Hello Danuja | [5]

385 71 13
                                    


Apakah ada yang menunggu Anin dan Danuja ? :)

***

Anin tidak tahu apakah keputusannya menikah dengan Danuja tepat atau tidak. Mungkin tepat untuk keluarganya, tetapi tidak tepat untuk dirinya sendiri. Membayangkan ia harus bersandiwara setiap bersama keluarga besar, menampilkan kehidupan pernikahan yang membahagikan keduanya itu pasti sangat berat untuk Anin.

Ini karena ia tidak mau kehilangan Amira. Keinginan Amira adalah melihatnya menikah, dan jika Anin tidak menuruti hal itu ia akan sangat menyesal nantinya jika terlambat membuat Amira bahagia. Selama ini, hanya Amira yang mengertinya. Hanya Amira yang benar-benar mendukungnya seratus persen.

Amira segalanya untuk Anin dan Anin tidak mau membuat Amira kecewa.

"Nin...,? panggilan Amira membuat Anin tersadar dari lamunannya dan ia segera menoleh ke arah kiri di mana Amira berada. "Kamu ngelaumin apa?"

Anin menggelengkan kepalanya cepat. "Yan Ti udah selesai belanja?"

Amira menghela napas lalu melihat beberapa dress yang tadi ia lihat namun tidak ada di antaranya yang Amira rasa cocok. "Yan Ti ga suka semuanya."

Anin mengangguk saja. "Jadi mau cek di tempat lain?"

"Ga usah. Kita pulang aja. Kaki Yan Ti udah capek muter-muter."

Anin terkekeh gemas lalu memegang tangan Amira untuk berjalan bersama. Saat berjalan bersama Amira, tidak sedikit yang menyapa Anin dan juga ada yang meminta foto dan tanda tangan. Anin melakukan semua itu dengan sikap yang ramah kepada penggemar, dan Amira tidak mempermasalahkan hal itu.

"Yan Ti tuh bangga deh jadinya. Punya cucu terkenal." Amira melepaskan tawa yang membuat Anin ikut tersenyum kecil. "Kadang lihat kamu di TV buat Yan Ti nangis.
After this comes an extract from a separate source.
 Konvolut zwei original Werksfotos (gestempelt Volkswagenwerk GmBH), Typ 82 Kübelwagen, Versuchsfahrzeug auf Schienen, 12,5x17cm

Soalnya kamu mirip banget sama mama kamu. Cantik, suaranya bagus. Pasti bikin banyak orang terpikat." Amira selalu senang memuji cucunya. Amira... adalah tipe oma yang diinginkan semua orang. Ia sangat ramah dan penuh kehangatan.
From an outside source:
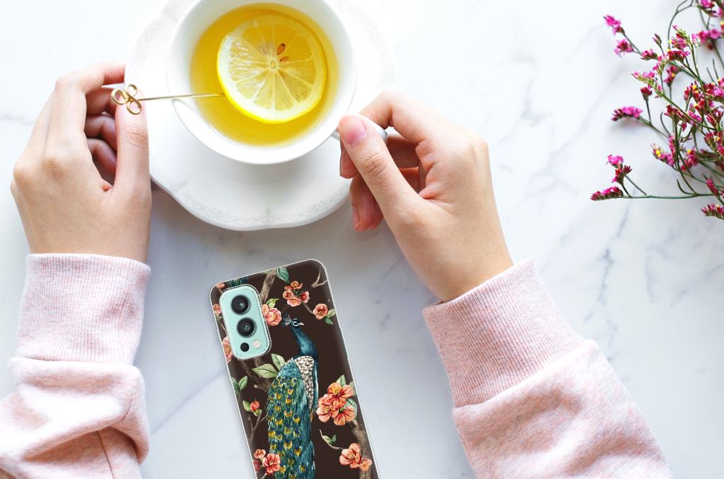 OnePlus Nord 2 5G TPU Hoesje Pauw met Bloemen

"Langsung pulang, bu?" tanya Yanto sang supir.

"Oh... enggak. Ini udah jam makan siang soalnya." Amira menjawab.

"Jadi mau mampir di rumah makan dulu, bu?" tanya Yanto kembali.

"Iya, mau makan di restoran biasa aja, To."

"Baik, bu."

"Tapi kita ke rumah sakit dulu, ya," ujar Amira membuat Anin yang berada di sebelahnya menoleh dengan wajah panik. 

"Yan Ti sakit?" cemas. Amira bisa melihat wajah cemas Anin.

Amira pun tersenyum dan menggelengkan kepalanya. "Yan Ti mau sekalian ajak Danuja buat makan siang bareng."

Baru saja Anin memikirkan harus selalu berpura-pura menjadi pasangan yang bahagia bersama Danuja adalah hal yang sulit, kini ia benar-benar harus melakukannya. Berpura-pura menerima Danuja menjadi calon suaminya.

"Kita makan berdua aja, Yan Ti." Anin masih berusaha membujuk Amira agak tidak mengajak Danuja dalam rencana makan siang mereka. Ia bisa mati muak berdekatan lama-lama dengan Danuja.

"Jangan... Yan Ti mau kalian makin akrab. Jadi nanti pas nikah udah ga terlalu canggung amat." Amira tersenyum lebar membuat Anin makin mati kutu dibuatnya. "Ke rumah sakit ya, To."

"Baik, bu."

***

Setibanya di rumah sakit, Amira berjalan bersama Anin untuk mencari keberadaan Danuja. Mereka sudah bertanya pada seorang suster untuk mengantarkan keduanya ke ruangan Danuja. Dan saat sampai, ternyata Danuja masih ada pasien sehingga mereka menunggu di luar sampai Danuja selesai.